• LISTED RECORDS:

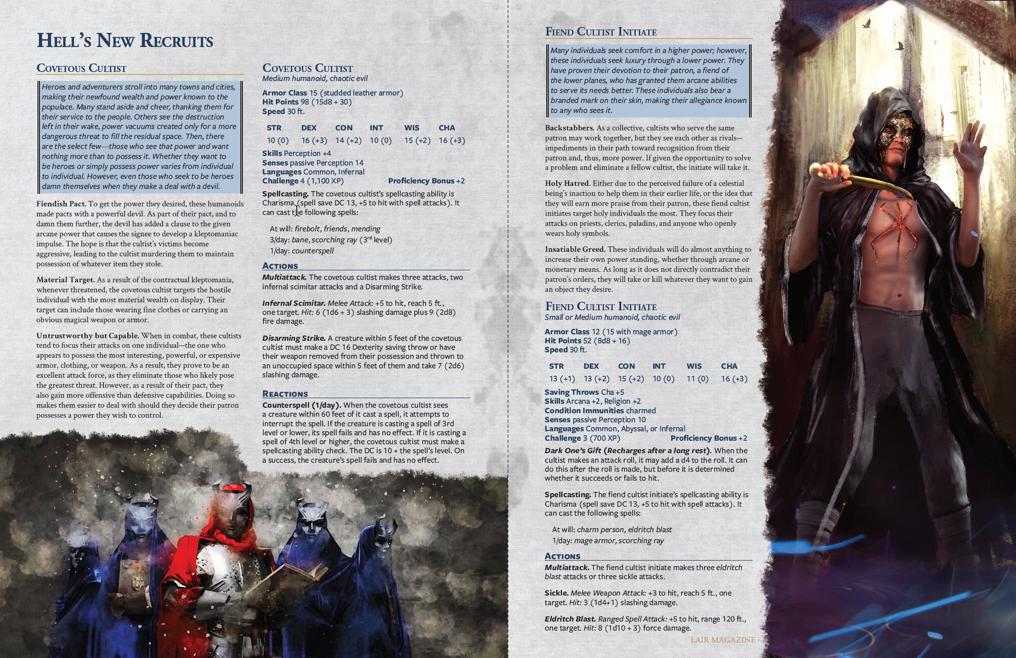 Hell's New Recruits - Ten monsters: Covetous Cultist, Fiend Cultist Initiate, Hellsmog Giant, Hexmare, Hoard Golem, Nimbus Elemental, Paravig, Pleonexic Cultist, Stentorian Owlbear, and Veildrop..
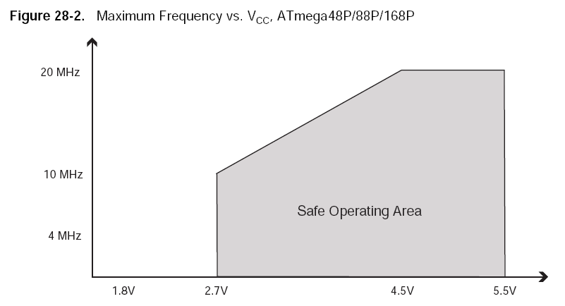 使用する電源電圧に応じて、安全に稼働する周波数の範囲が変化します。詳しくは--- ATmega168P技術資料(PDF,英語)を見てください。
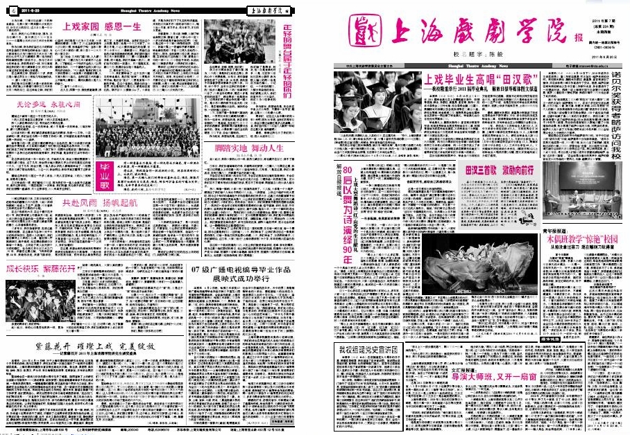 《开云足球首页官网下载报》2011年第7期(总第224期)已于2011年6月20日出版,本期共四版,第一、四版套红。重点内容有:《上戏毕业生高唱“田汉歌”——我校隆重举行2011届毕业典礼 解放日报等媒体图文报道》、《诺贝尔奖获得者略萨访问我校》、《我校组建党史宣讲团》等,敬请关注。也可点击下载观看。(图文、编辑/榕树)
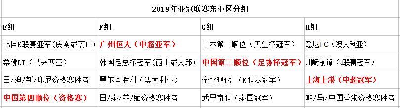 中超冠军上港进入H组,同组对手包括了澳超球队悉尼FC,日本J联赛冠军川崎前锋,以及韩/马/中国香港三国球队组成的资格赛分区晋级球队。
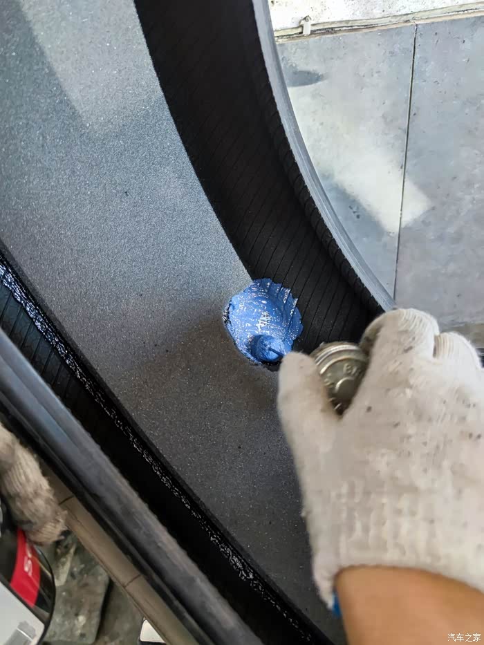 思路理清,那就动手吧。汉的后备箱放了很多行李,充气泵还压在盖板下面,不方便拿出来,我就拿了另一个车的充气泵来给大汉打气。气压充到2.5就可以开走了,附近就有修车店,老板补胎很专业。扒开轮胎之后,要把海绵扣开一小块,清理粘胶,然后就跟普通补胎一样了,用一个补丁贴上,再压平,刷一点密封胶就可以了。装胎,打气,一气呵成,总共十几分钟搞定,费用40元。大汉满血复活。
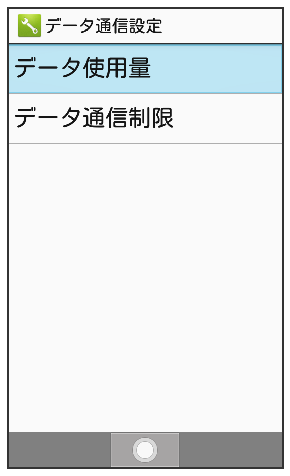 が表示され、上限になるとモバイルデータ通信を無効にした案内が表示されます。このときは、画面に従って操作してください。
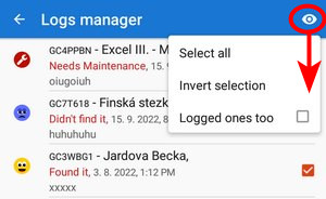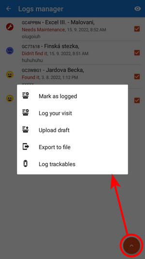 This is the place where the drafts (field notes) can be simply managed, e.g. exported in a file or logged into the Geocaching.com website.
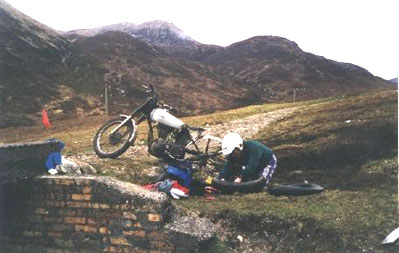 En Pap of Glencoe, después de conseguir un cero en la primera zona me doy cuenta de que he pinchado. Se lo comento a Mick y me dice: "Haces esta zona, bajas a la carretera y ahí estará Charly". Bueno, acabo con un varios y emprendo el duro camino hasta la carretera. Muchos participantes se paran para ayudarme, ayuda que declino amablemente a la espera de la asistencia. Hay un par de autocaravanas aparcadas junto a la carretera y en una de ellas me ofrecen una Coca-Cola y algo de comer. Lo acepto y se lo agradezco, ¡ hay que ver como de amable son esta gente!.
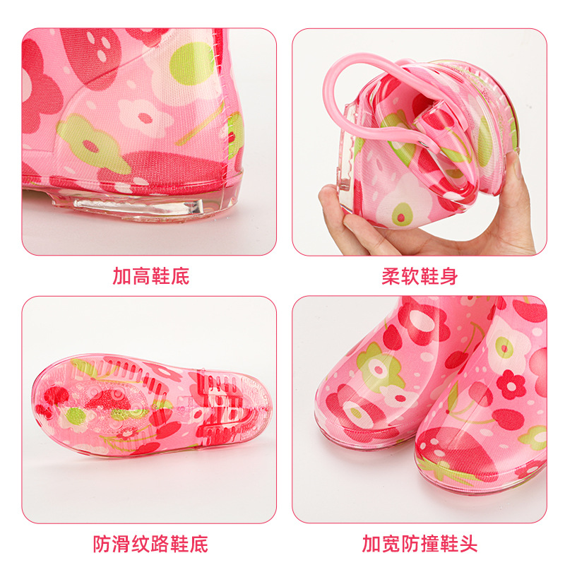 크로스 미러 수출 재고 어린이 휴대용 창조적 인 귀여운 꽃 천 어린이 장화 아기 장화 고무 신발
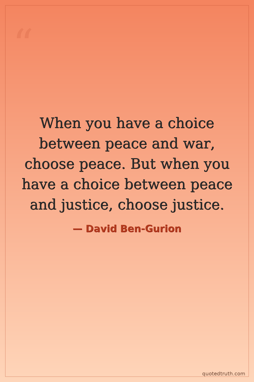 When you have a choice between peace and war, choose peace. But when you have a choice between peace and justice, choose justice.

• ASSIGNED TASK: In the copy, every entry appears exactly as written above and no picture appears.

• RESPONSE TO THIS EXERCISE:
 Hell's New Recruits - Ten monsters: Covetous Cultist, Fiend Cultist Initiate, Hellsmog Giant, Hexmare, Hoard Golem, Nimbus Elemental, Paravig, Pleonexic Cultist, Stentorian Owlbear, and Veildrop..
 使用する電源電圧に応じて、安全に稼働する周波数の範囲が変化します。詳しくは--- ATmega168P技術資料(PDF,英語)を見てください。
 《开云足球首页官网下载报》2011年第7期(总第224期)已于2011年6月20日出版,本期共四版,第一、四版套红。重点内容有:《上戏毕业生高唱“田汉歌”——我校隆重举行2011届毕业典礼 解放日报等媒体图文报道》、《诺贝尔奖获得者略萨访问我校》、《我校组建党史宣讲团》等,敬请关注。也可点击下载观看。(图文、编辑/榕树)
 中超冠军上港进入H组,同组对手包括了澳超球队悉尼FC,日本J联赛冠军川崎前锋,以及韩/马/中国香港三国球队组成的资格赛分区晋级球队。
 思路理清,那就动手吧。汉的后备箱放了很多行李,充气泵还压在盖板下面,不方便拿出来,我就拿了另一个车的充气泵来给大汉打气。气压充到2.5就可以开走了,附近就有修车店,老板补胎很专业。扒开轮胎之后,要把海绵扣开一小块,清理粘胶,然后就跟普通补胎一样了,用一个补丁贴上,再压平,刷一点密封胶就可以了。装胎,打气,一气呵成,总共十几分钟搞定,费用40元。大汉满血复活。
 が表示され、上限になるとモバイルデータ通信を無効にした案内が表示されます。このときは、画面に従って操作してください。
 This is the place where the drafts (field notes) can be simply managed, e.g. exported in a file or logged into the Geocaching.com website.
 En Pap of Glencoe, después de conseguir un cero en la primera zona me doy cuenta de que he pinchado. Se lo comento a Mick y me dice: "Haces esta zona, bajas a la carretera y ahí estará Charly". Bueno, acabo con un varios y emprendo el duro camino hasta la carretera. Muchos participantes se paran para ayudarme, ayuda que declino amablemente a la espera de la asistencia. Hay un par de autocaravanas aparcadas junto a la carretera y en una de ellas me ofrecen una Coca-Cola y algo de comer. Lo acepto y se lo agradezco, ¡ hay que ver como de amable son esta gente!.
 크로스 미러 수출 재고 어린이 휴대용 창조적 인 귀여운 꽃 천 어린이 장화 아기 장화 고무 신발
 When you have a choice between peace and war, choose peace. But when you have a choice between peace and justice, choose justice.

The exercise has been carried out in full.